6. according to claim 1 and 2 method, it is characterized in that step (ii) in, the dmc catalyst of initiator polyvalent alcohol and part amount is dropped in the reactor system, and supply continuously component A) and one or more epoxy alkane B1) and dmc catalyst, and the polyester ether polylol (1) that forms discharged from reactor continuously.

7. according to claim 6 method, it is characterized in that step (ii) in, with the component A of part amount) or the polyester ether polylol (1) of the previous separately preparation according to the present invention as the initiator polyvalent alcohol.

8. method one of according to claim 1-7 is characterized in that epoxy alkane to be metered into contains at least 10% oxyethane in the step (i).

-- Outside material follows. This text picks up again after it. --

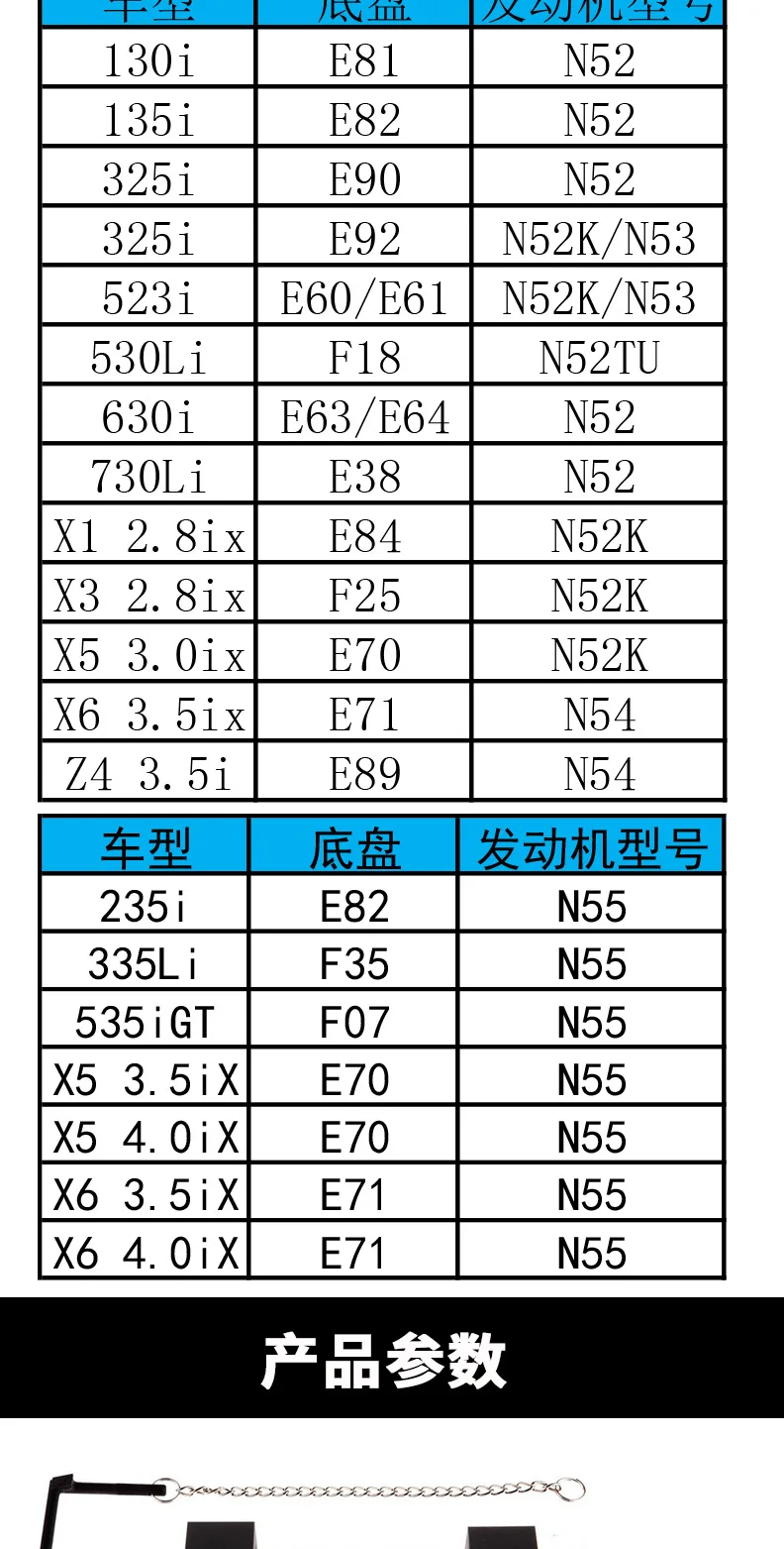 E60:523i,523Li,525i,525Li,525xi,528i,528xi,530i,530Li,530xi,535xi E61/E63: 523i,525i,525xi,530i,530xi,535xi,630i E64/E65: 630i,730i E66/E70: 730Li,X5 3.0Si E81/E82: 130i,135is E93: 325i,328i,330i,335i E83: 5I, 5I, 2.5Si,3.0i,3.0Si E85/E86: Z4 2.5i,2.5Si,3.0i,3.0Si,Z4 3.0Si E87/E90: 130i,323i,325i,325xi,328i, 328i,328xi,330i,330xi 335i,335xi E91: 323i,325i,325xi,328i,328xi,330i,330xi,335i,335xi E92: 323i,325i,325xi,328i,328xi,330i,330xi,335i, 335i

9. method one of according to claim 1-8, it is characterized in that in step (i-1), at first will treat all to be supplied to one or more epoxy alkane A3 of the 5wt.%-95wt.% amount of step (i-1)) can initial compounds A1 with H-official) transform, amount with metering adds one or more fatty acid esters A2 subsequently), then will treat all to be supplied to one or more epoxy alkane A3 of the 95wt.%-5wt.% amount of step (i-1)) add and initiation reaction with the amount of metering.

10. method one of according to claim 1-9 is characterized in that described dmc catalyst uses in the concentration with respect to the amount 10ppm-1000ppm of polyester ether polylol (1).

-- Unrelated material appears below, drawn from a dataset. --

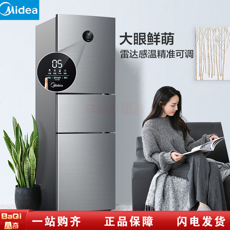 美的 BCD-260WTPZM(E) 家用冰箱 三开门一级变频风冷小型冰箱智能家电
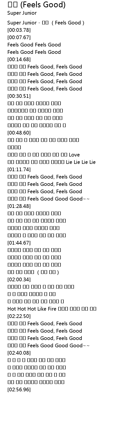 | [00:00.11] | Super Junior Feels Good |

11. method one of according to claim 1-10 is characterized in that isolating dmc catalyst after the epoxy alkane addition has finished.

12. method one of according to claim 1-11 is characterized in that described one or more fatty acid esters A2) hydroxyl group not.

13. the polyester ether polylol that one of can be according to claim 1-12 obtains.

14. polyester ether polylol according to claim 13 is for the preparation of the purposes of urethane purpose.

15. contain the urethane of the polyester ether polylol of claim 13.